Every single relationship goes through difficult patches. The ones that come out the other side, the people who have gone through the fire together and come out shining brighter, are the ones who communicated with clarity and love and empathy, who negotiated kindly and carefully, who knew themselves well enough to state clear boundaries with love and care. When people have climbed emotional mountains together, when they have weathered storms they could never have imagined in the giddy days when they first met, then whether or not they are monogamous seems like a tiny consideration by comparison.


9 responses to “Poly Means Many: Negotiation

  1. Pingback: » Negotiation Poly Means Many

  2. *applauds* Well said indeed 🙂

    Me? I read blogs for interesting writing and a different voice to my own. Yours definitely has that.

  3. Like Lori, I read blogs to see a different view on things. At present, because my poly relationships are ‘new’, it’s all exciting/challenging/scary so reading that it’s not really any different from what I already know helps.

    Like you, I figure out things when writing too (which is why I’ve been writing about poly stuff as well) and I really like the idea of making poly ‘normal’.

    I do disagree on the notion that poly is no different from any other relationship, by it’s very nature there are always more than one other person which brings obvious challenges in comms, negotiations and all that other stuff, but I guess they are mostly mechanical challenges rather than anything that is specific to poly.

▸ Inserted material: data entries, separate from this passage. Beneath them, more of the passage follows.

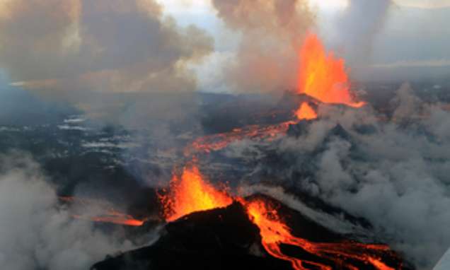 A: Die momentan anhaltende Spalteneruption setzt vergleichsweise starke Mengen von Schwefeldioxid (SO2) frei. In unmittelbarer Umgebung der Ausbruchsstelle werden toxische Konzentrationen erreicht. Unsere Kollegen vor Ort haben sich trotz Gasmasken schon mehrfach zurückziehen müssen. SO2 wirkt ätzend auf Schleimhäute, kann in hohen Konzentrationen Lungen und Bronchien schädigen. Wenn man dem länger ausgesetzt ist, kann Vitamin B12 zerstört werden und damit zu Blutarmut führen.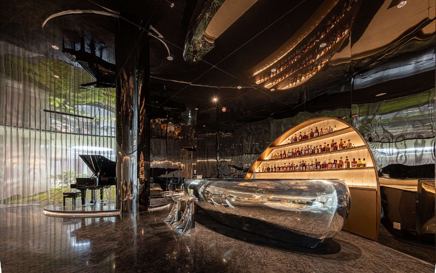 Bar anggur merah dan cerutu menampilkan keanggunan melalui keteraturan ekstrem, sementara jade hijau lembut melanjutkan “nafas alam”. Cahaya setenang tenunan kain, sementara ruang menghembuskan keagungan dalam keheningan.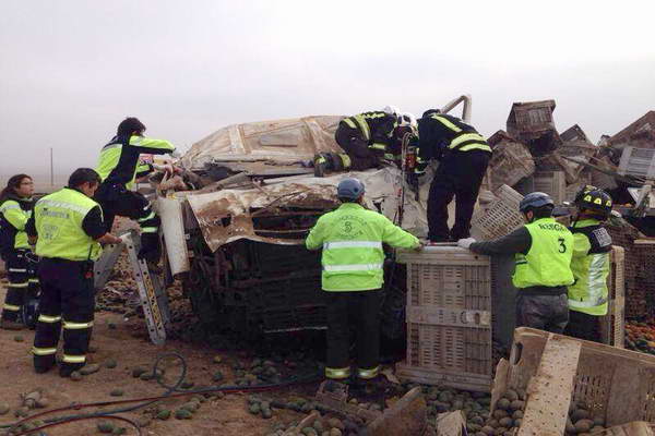 Informaciones extraoficiales señalan que el camión sufrió primero el volcamiento y posterior colisión frontal contra un vehículo menor. Ambas maquinas resultaron con daños considerables, situación que dificultó el trabajo de los bomberos, especialmente las personas atrapadas en la cabina del camión, el que también resultó prácticamente desintegrada por la fuerza del impacto.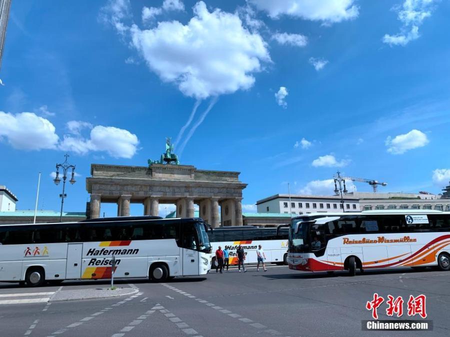 A parade of coaches take part in a protest in front of Brandenburg Gate on street June 17 for state aid for travel agencies, Berlin, Germany, June 17, 2020. Small and medium sized companies in the travel sector are feeling the pinch of the pandemic especially hard. (Photo/China News Service)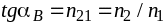 При угле падения, равным углу Брюстера, определяемым соотношением

    • “I do disagree on the notion that poly is no different from any other relationship”
      Well, there are specific issues that come up with exploring anything for the first time, like becoming non-monogamous, and polyamory does lend itself to a more fluid and changeable experience (as opposed to the common – and unfair – stereotype of monogamous couples who settle down and promptly stop learning, developing or changing). And yes, on the surface there are specific poly issues that don’t come up anywhere else (like ‘my metamour fancies me but I don’t fancy them’, ‘do I need to meet my girlfriend’s new partner yet?’ ‘I feel jealous – does this mean I’m not really poly?’ and a billion more).
      But none of these are actually novel scenarios. Everyone can understand dealing with an imbalance of attraction with someone you care about but don’t fancy, or wanting to make sure a close friend’s new partner feels welcome in a close-knit friendship group, or feeling torn between wanting to be happy for someone and wanting what they have for yourself or fearing you’re going to be left behind.
      This is what I mean – on the surface these can look like special poly things, but in reality the skills you need are skills that most people with friends and family already have.

  4. This post makes me happier than I can reasonably say. Like, this encompasses so much of what I want and how I feel. It is has actually cheered me up immeasurably. ❤ Thank you.

  5. Your blog, with its consistent clarity, contributes to the normalisation of polyamory. You’re right: being divorced or being gay, happily single, a woman ‘in a man’s job’ or vice versa etc, all defy the norm of forty/fifty years ago. Now these statuses are all normal and quite irrelevant in ‘news’ terms. I admire you and your fellow bloggers for showing how polyamory works, or maybe sometimes doesn’t. Open-ness is the key.

  6. I sort-of know you offline, but I don’t think that has much to do with my reading, because you don’t write about your life. Obviously your experiences flow into it, but what you write is general.

    I read because I find it interesting, I guess.

  7. Hello! Just saw you blog for the first time – love it! We write a poly blog (Jack of all triads) – that looks very different from other people’s poly blog because…there’s a lot of different ways to do this. But ultimately, we mostly write about what it means to love and be human and live in the world. You know, like everybody else’s blog. I agree with you that poly is not inherently interesting, BUT I think that many if not most of the people who practice it are because it takes a special something to jump out of the box and negotiate what happens next. Look forward to reading you in the future.